In the case at hand, the Office of the Attorney General of Switzerland ("OAG") opened a criminal investigation in 2011 for suspected money laundering in connection with funds originating from an alleged fraud and bribery of foreign officials. In short, the Russian Treasury was allegedly defrauded of various undue tax reimbursements, which were swiftly transferred between multiple bank accounts across many different countries, while being commingled with licit assets. Company B received two incoming transfers to its Swiss bank account after such commingling.

When the OAG discontinued the proceedings in 2021, it had to determine the amount to be disgorged from Company B. To do so, it applied the proportionality method, considering that the first transfer was contaminated by 17% and the second one by 2%. The OAG set the amount to be disgorged based on these proportions, ordered the confiscation of the available account balance and a compensatory claim for the no longer available portion.

Company B appealed the OAG's order to the Federal Criminal Court ("FCC") and subsequently to the FSC, challenging, among others, how the amount to be disgorged had been calculated. According to Company B, the OAG should not have applied the proportionality method but rather the sedimentation theory.

Indeed, where assets of illicit origin are commingled with licit assets and subsequent transfers occur, the question arises as to whether the transfers are made from (i) illicit assets, (ii) both illicit and licit assets proportionally, or (iii) licit assets. Several theories were discussed among scholars, and the FSC had left the question so far undecided.

In the present case, the FSC resolved this long-standing controversy and held that the so-called sedimentation theory should be applied, according to which illicit assets are deemed spent last (they build a kind of sediment at the bottom of the account). As long as the account balance exceeds the illicit assets transferred therein, such illicit assets can be confiscated. Where the account balance is smaller than the illicit assets, any available account balance can be confiscated, and the remaining part must be disgorged via a compensatory claim.

In support of its decision, the FSC argued that the proportionality method would contaminate large parts of the economy and was therefore not appropriate.

The FSC, however, added an important corrective related to money laundering.

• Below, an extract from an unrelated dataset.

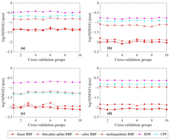 The log10(MAE) of each method in the 10-fold cross-validation experiments for salinity interpolation. (a) Summer 2010; (b) Summer 2011; (c) Autumn 2010; and (d) Autumn 2011.

Where someone intentionally disposes of illicit assets in a typical money laundering fashion, the assets transferred shall be deemed contaminated in full regardless of the available account balance.

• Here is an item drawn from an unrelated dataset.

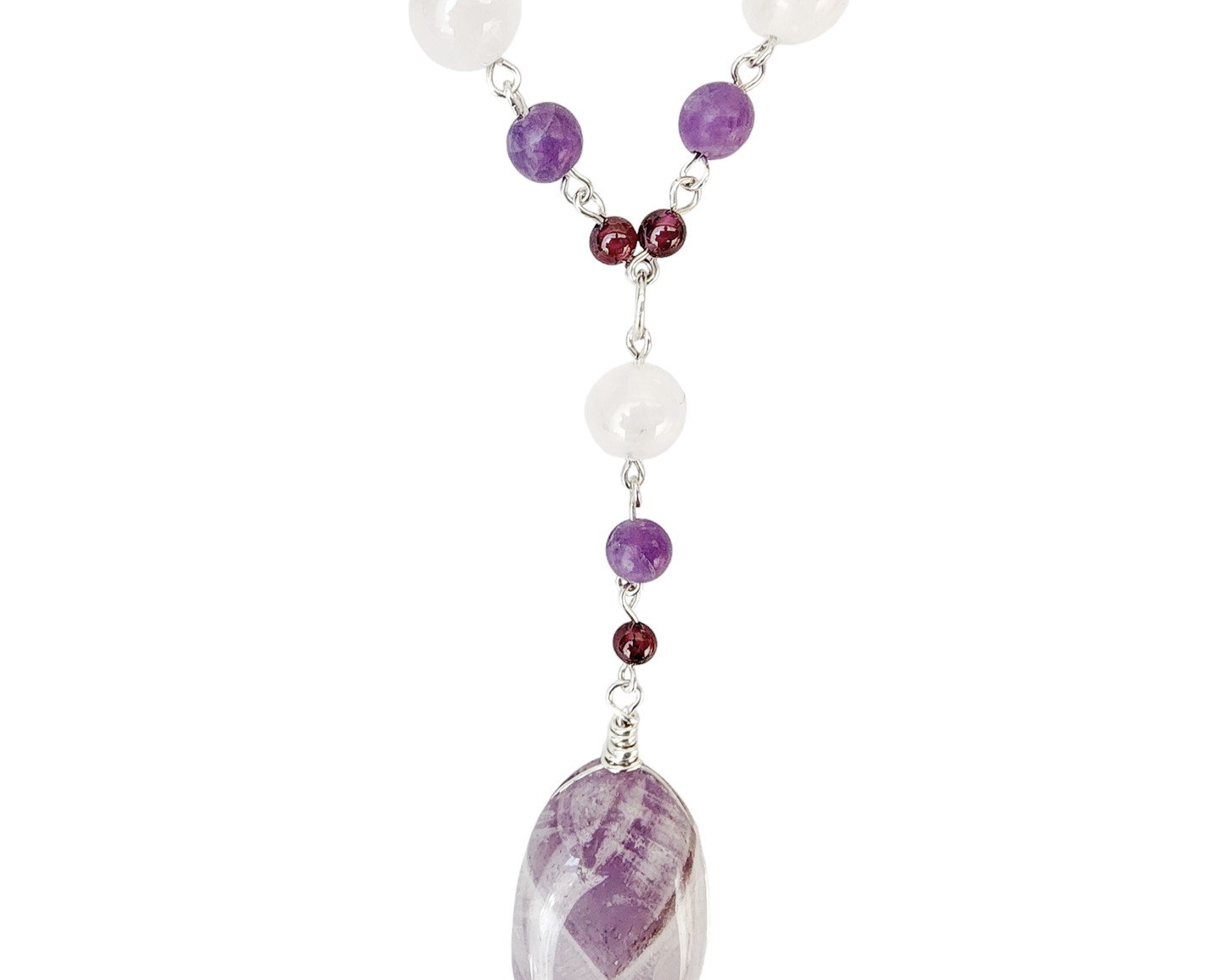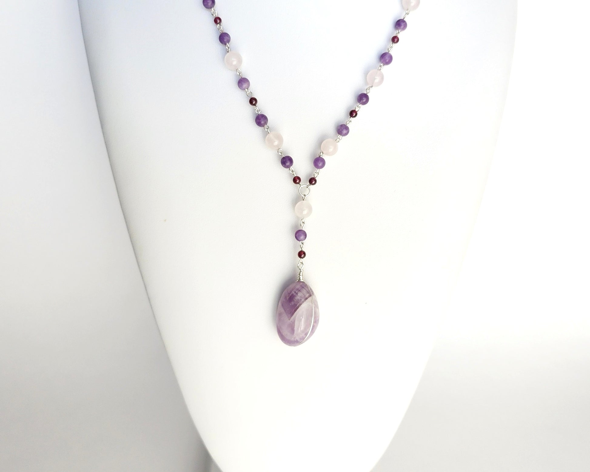 Art Deco Style Eco Amethyst Garnet Rose Quartz Necklace

The FSC thus cancelled the decision of the FCC and referred the case back to it. The FCC was ordered to assess whether the incoming transfers resulted from typical money laundering acts and, if this is not the case, to apply the sedimentation theory to calculate the potential compensatory claim.

This FSC decision is welcomed as it clarifies the long-standing question of how to treat comingled licit and illicit assets and subsequent transfers. However, the FSC's corrective regarding typical money laundering acts will likely lead to other uncertainties, particularly in the definition of what is deemed "typical" money laundering in such context and in determining the intention of the persons involved. To establish the intention to launder, courts will indeed likely have to rely on external factors, as suggested by the FSC, such as the immediate onward transfer of the exact same amount following an inflow of illicit assets.

In our view, the corrective actually functions as the rule and relegates the sedimentation theory to the status of an exception: to determine if an outgoing transfer is contaminated, one must first assess whether the transferor disposed of the illicit assets with the intention to launder them. The sedimentation theory only applies when such intention cannot be established.

FSC decision 7B_65/2023 of 5 December 2025

FCC decision BB.2021.193-197 of 7 February 2023

The content of this article is intended to provide a general guide to the subject matter. Specialist advice should be sought about your specific circumstances.